Mediahuis Luxembourg S.A.
- Company type: Private
- Industry: Media
- Founded: 20 November 1886
- Headquarters: 31, rue de Hollerich L-1741, Luxembourg City, Luxembourg
- Area served: Luxembourg
- Key people: Erny Gillen, President Paul Peckels, General director
- Products: Luxemburger Wort, Contacto, Telecran, Radiolatina, Libo, Editions Saint-Paul
- Services: Newspapers, magazines, radio station, publishing, bookselling
- Number of employees: 420
- Parent: Mediahuis (2020–present)
- Subsidiaries: Saint-Paul Luxembourg S.A. Libo S.A. Reliure Saint-Paul S.à.r.l.
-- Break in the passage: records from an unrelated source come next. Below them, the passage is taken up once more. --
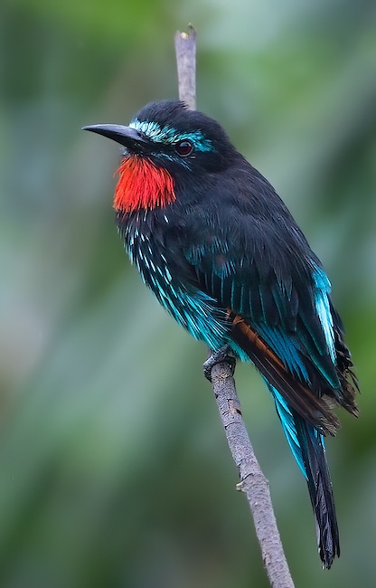 Species AccountA bee-eater of forest and forest edge that appears entirely black at a distance, but in good light shows a bright red throat and electric blue belly. -
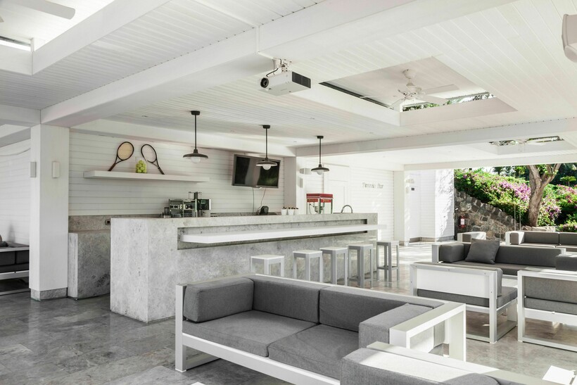 Среди большого разнообразия баров и лаунжей отеля, которые находятся в здании гостиницы, на пляжах, у бассейна и теннисных кортов, стоит выделить Green Hill Silence Bar. Это бар на холме с панорамным видом на горы и залив, куда гости приходят наслаждаться закатом. Места здесь расположены как в театре, где каждый вечер дают представление исключительной красоты — солнце, уходящее за горизонт. Зрелище сопровождается классической музыкой — и запотевшим бокалом с напитком.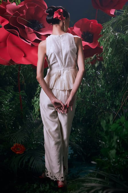 Ivory chanderi top featuring pleated design and 3D floral applique embroidery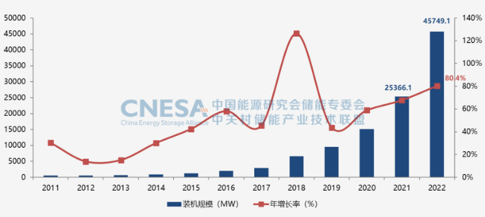 图1:全球电力储能市场累计装机规模(2000-2022)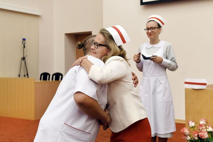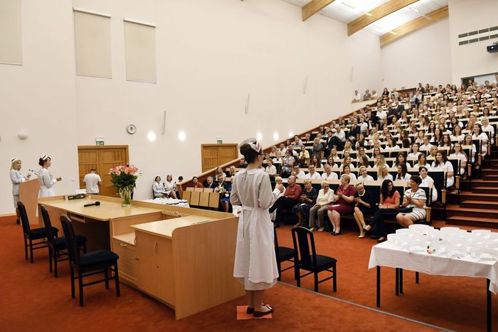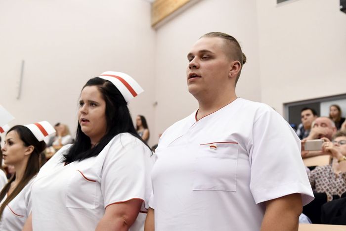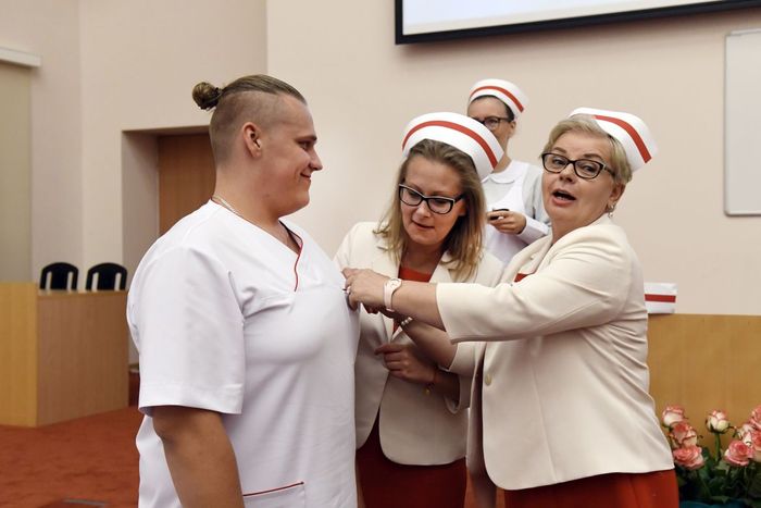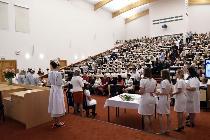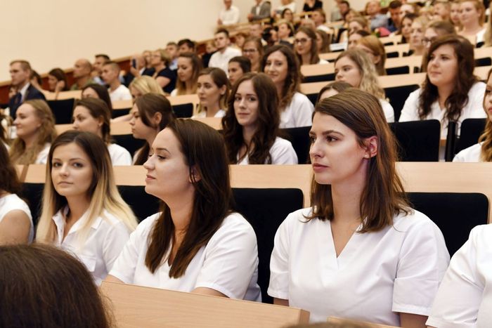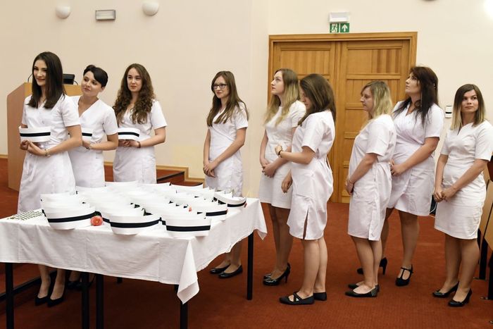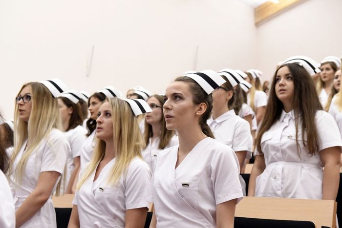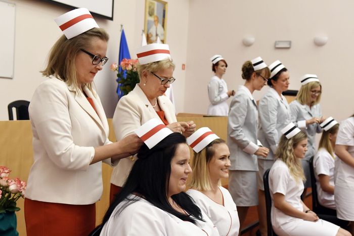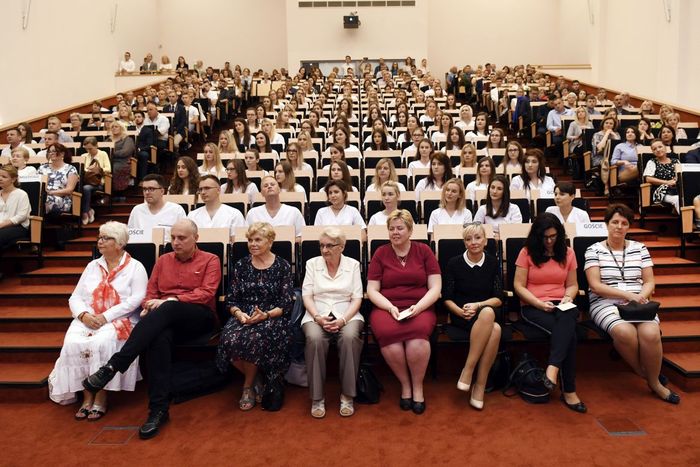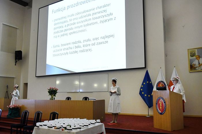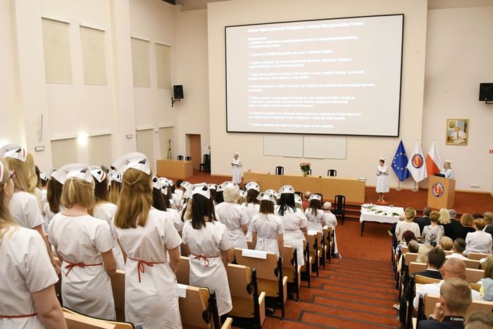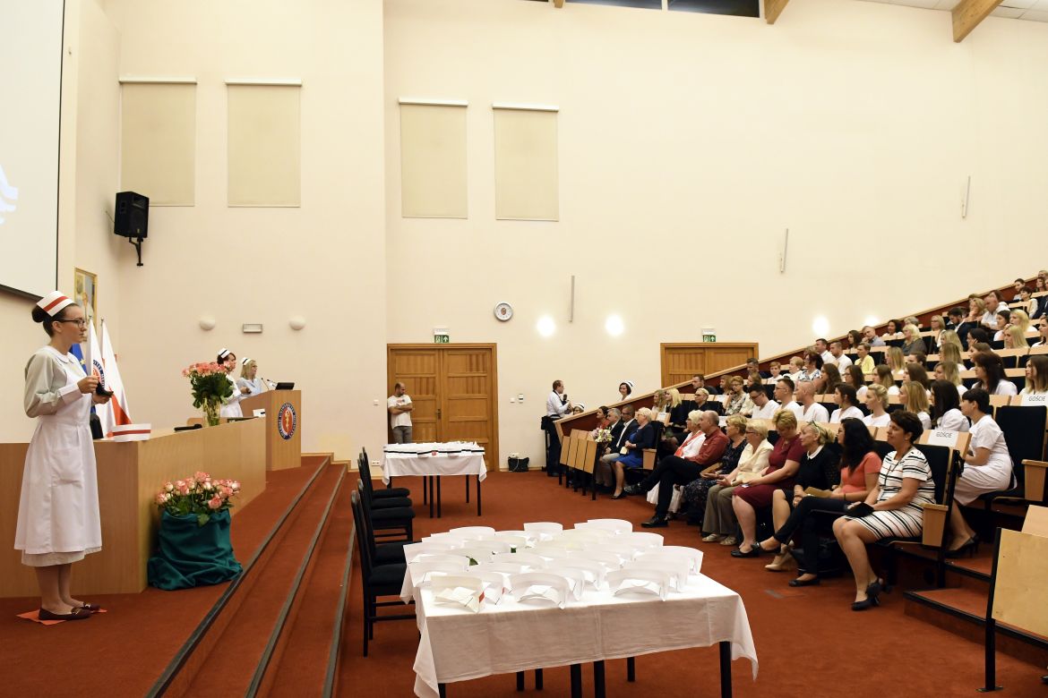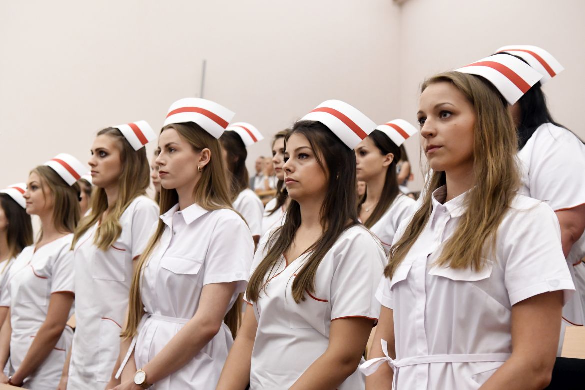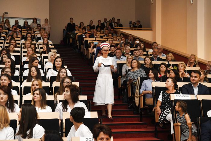 The traditional capping ceremony for the graduates of the nursing and midwife programs of the MUG Faculty of Health Sciences took place on June 14th 2018. The graduates, their families and friends, MUG authorities and staff as well as special guests (representatives of the local nursing and midwife chamber, the authorities and the University Clinical Centre authorities) gathered in the auditorium. Students wearing traditional clothing opened the ceremony by bringing lit candles to the auditorium, symbolizing the life entrusted to the care of nurses and midwifes. The caps worn by the graduates symbolize belonging to their new profession, service to people and obligation to maintain traditions of these beautiful yet difficult professions. The oath repeated by out loud by the graduates is an introduction to the Nurse and Midwife Code of Professional Ethics of the Republic of Poland.

Radiolatina Editions Saint-Paul
- Website: https://www.mediahuis.lu/fr/

= Mediahuis Luxembourg =

Owner of Luxembourg's largest newspaper, Luxemburger Wort

Mediahuis Luxembourg S.A. (/lb/), formerly Groupe Saint-Paul Luxembourg is the owner of Luxembourg's largest newspaper, Luxemburger Wort, and its news website wort.lu. It is based at a large centralized complex in Gasperich, in the south of Luxembourg City.

In May 2020, Mediahuis acquired Saint-Paul Luxembourg. Saint-Paul changed its name to Mediahuis Luxembourg officially in July 2021.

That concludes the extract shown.